§ What you should do: Your task is to restate the listing word for word without the pictures.

§ Given data:
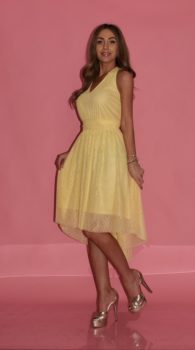Rochie eleganta in clos asimetrica de culoare galbena confectionata din tull cu buline. Prezinta captuseala fina vaporoasa . Decolteu in V inchidere cu fermoar in lateral si bretele care se leaga in spatele gatului. Oriunde o vei purta vei atrage priviri pline de admiratie.IntretinereRespectati instructiunile de curatare de pe eticheta produsului.Info model inaltime 175 cm poarta marimea S
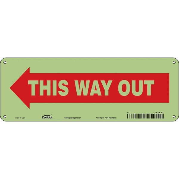 Safety Sign, Vertical Rectangle, Number of Printed Sides 1, English, Sign Legend This Way Out (Arrow), Sign Legend Background Color White, Sign Legend Style Symbol and Text
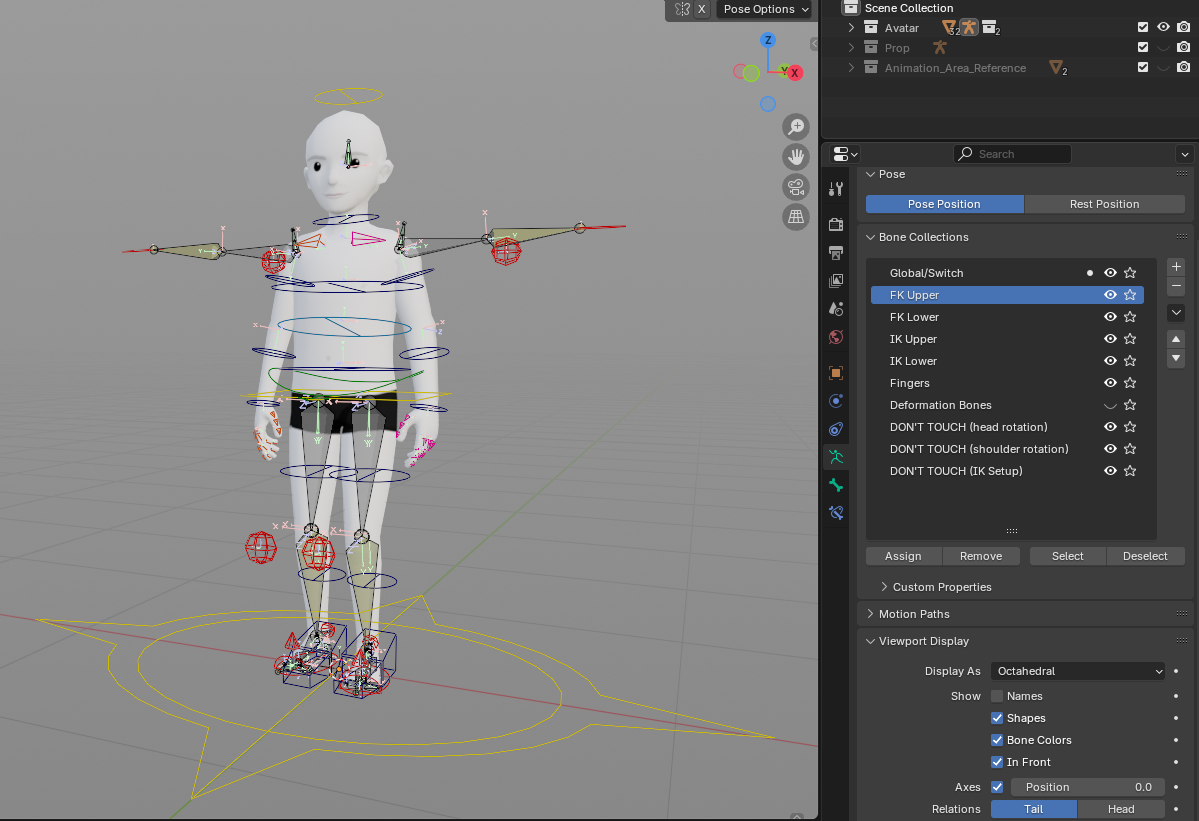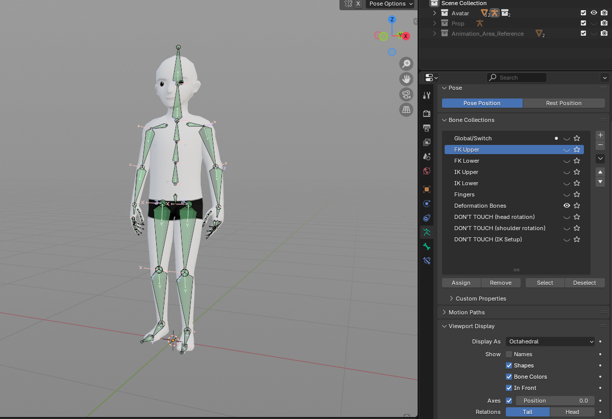 A rig is a virtual skeleton that allows a model to move. It consists of a hierarchy of individual bones, much like a real life skeleton, and it works under a parent/child relationship. This document will cover some basic rigging concepts, such as bone position, bone orientation, deforming and non-deforming bones, the difference between IK and FK and their purposes. The structure of an avatar’s rig, custom attributes, and setup for animating can be found in rig features .
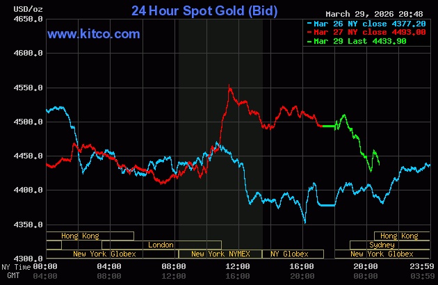 Global gold prices fell during the morning session on 30/3 (Hanoi time). Chart: Kitco |
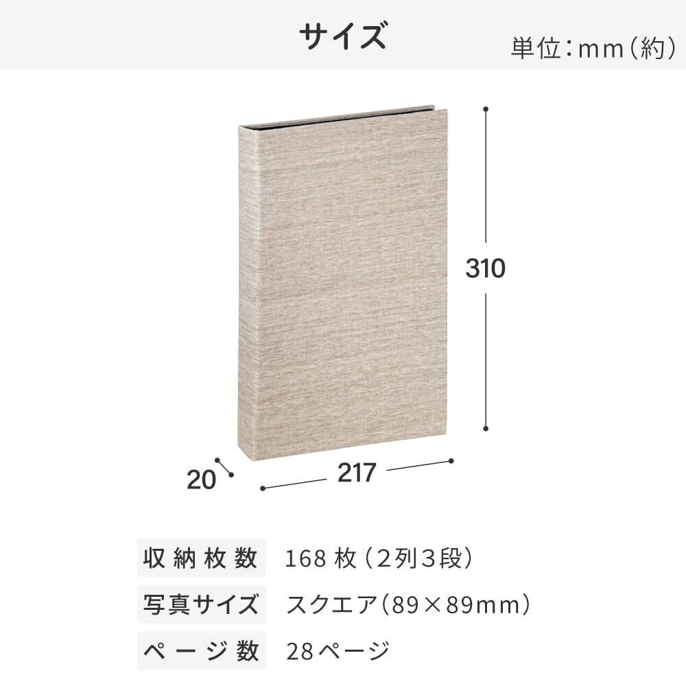 【サイズ(約)】H310×W217×D20mm【仕様】収納枚数:168枚(2列3段)、ページ数:28ページ、収納写真サイズ:89×89mm

§ Answer section:
Rochie eleganta in clos asimetrica de culoare galbena confectionata din tull cu buline. Prezinta captuseala fina vaporoasa . Decolteu in V inchidere cu fermoar in lateral si bretele care se leaga in spatele gatului. Oriunde o vei purta vei atrage priviri pline de admiratie.IntretinereRespectati instructiunile de curatare de pe eticheta produsului.Info model inaltime 175 cm poarta marimea S
 Safety Sign, Vertical Rectangle, Number of Printed Sides 1, English, Sign Legend This Way Out (Arrow), Sign Legend Background Color White, Sign Legend Style Symbol and Text
 A rig is a virtual skeleton that allows a model to move. It consists of a hierarchy of individual bones, much like a real life skeleton, and it works under a parent/child relationship. This document will cover some basic rigging concepts, such as bone position, bone orientation, deforming and non-deforming bones, the difference between IK and FK and their purposes. The structure of an avatar’s rig, custom attributes, and setup for animating can be found in rig features .
 Global gold prices fell during the morning session on 30/3 (Hanoi time). Chart: Kitco |
 【サイズ(約)】H310×W217×D20mm【仕様】収納枚数:168枚(2列3段)、ページ数:28ページ、収納写真サイズ:89×89mm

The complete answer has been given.